(SOURCE MATERIAL Opens)

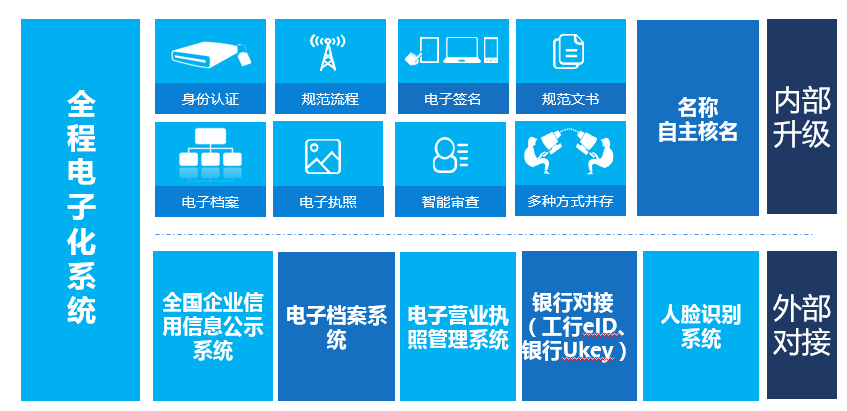在现有登记注册网上申请、受理等服务的基础上,根据全流程登记改革要求对登记业务流程进行优化,升级现有的工商综合业务管理平台、网上服务平台,实现以身份认证技术为信任支撑的网上申请、网上受理、网上审核、网上公示、网上发照、网上亮照、网上归档等全程电子化登记管理方式,为企业登记注册以及凭营业执照从事电子商务等相关经营活动给予更大地便利。
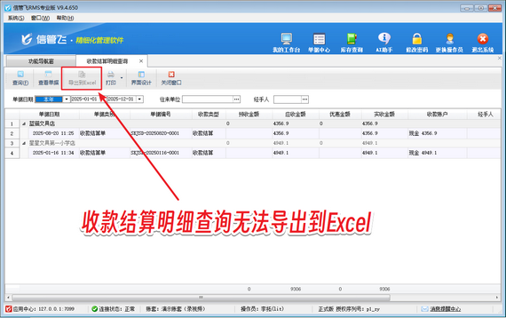 收款結(jié)算單用來(lái)登記收款信息(收款對(duì)象即客戶(hù)、收款賬戶(hù)、收款金額、經(jīng)手人等),并結(jié)銷(xiāo)應(yīng)收款記錄。另外系統(tǒng)也支持收款結(jié)算明細(xì)查詢(xún)匯總表,有用戶(hù)操作員賬號(hào)登錄軟件無(wú)法導(dǎo)出收款結(jié)算明細(xì)查詢(xún)匯總數(shù)據(jù),如下圖所示。
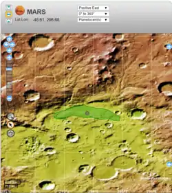Ogygis Undae is the only named southern hemisphere dune field on Mars.[1] It is named after one of the classical albedo features on Mars, Ogygis Regio.[2] Its name, which refers to Ogyges, a primeval mythological ruler in ancient Greece,[2] was officially approved by the International Astronomical Union (IAU) on September 17, 2015. It is situated just outside Argyre Planitia, a plain located in the southern highlands of Mars.[3] The dunes of Ogygis Undae extend from latitude −49.94°N to −49.37°N and from longitude 292.64°E to 294.93°E (65.07°W – 67.36°W).[2] They are centered at latitude −49.66°N, longitude 293.79°E (66.21°W), and extend approximately 87 km to the east and west from there.[4][2] Ogygis Undae has an area of 1904 km2, and due to its large size is a primary subject for research on Martian dune morphology and sand composition.[4][3]
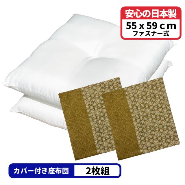 2枚 ヌード座布団 + 座布団カバー 55x59 しじら麻 セット 約55×59cm グリーン 送料無料 日本製 銘仙判 2枚組 2枚セット
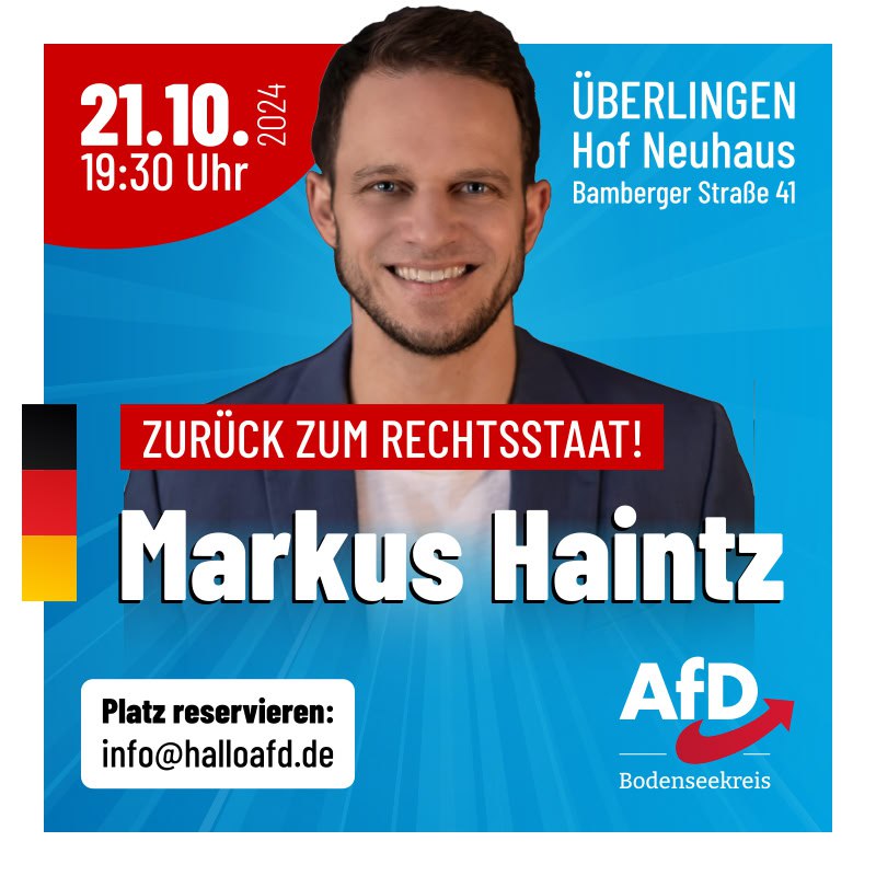 - Markus Haintz ”Zurück zum Rechtsstaat” spricht am Montag, dem 21. Oktober 2024 um 19:30 Uhr auf Einladung der AfD Bodensee im Hof Neuhaus bei Überlingen.
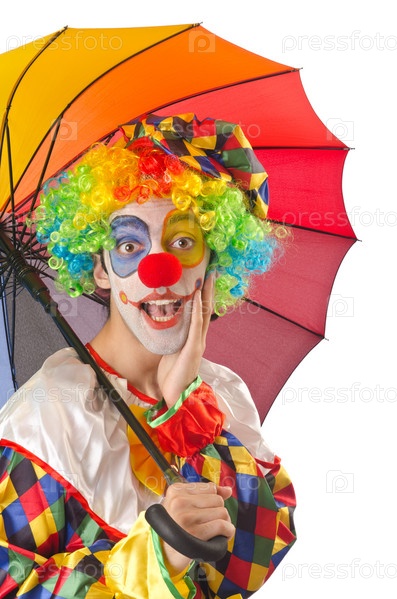 Забавный клоун на белом фоне
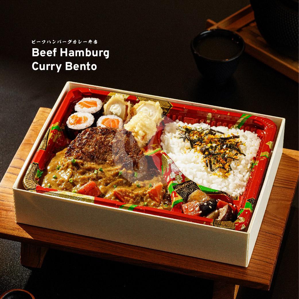 A complete set Beef Hamburg Curry Bento with furikake rice, chikuwa cream cheese, salmon maki, and sautéed vegetables.

(SOURCE MATERIAL Closes)

**WHAT YOU HAVE TO DO:**
Leave the pictures out. Extract exactly the lines running from the one with "Забавный клоун на белом фоне" through the last entry, both ends included.

**FINAL ANSWER:**
 Забавный клоун на белом фоне
 A complete set Beef Hamburg Curry Bento with furikake rice, chikuwa cream cheese, salmon maki, and sautéed vegetables.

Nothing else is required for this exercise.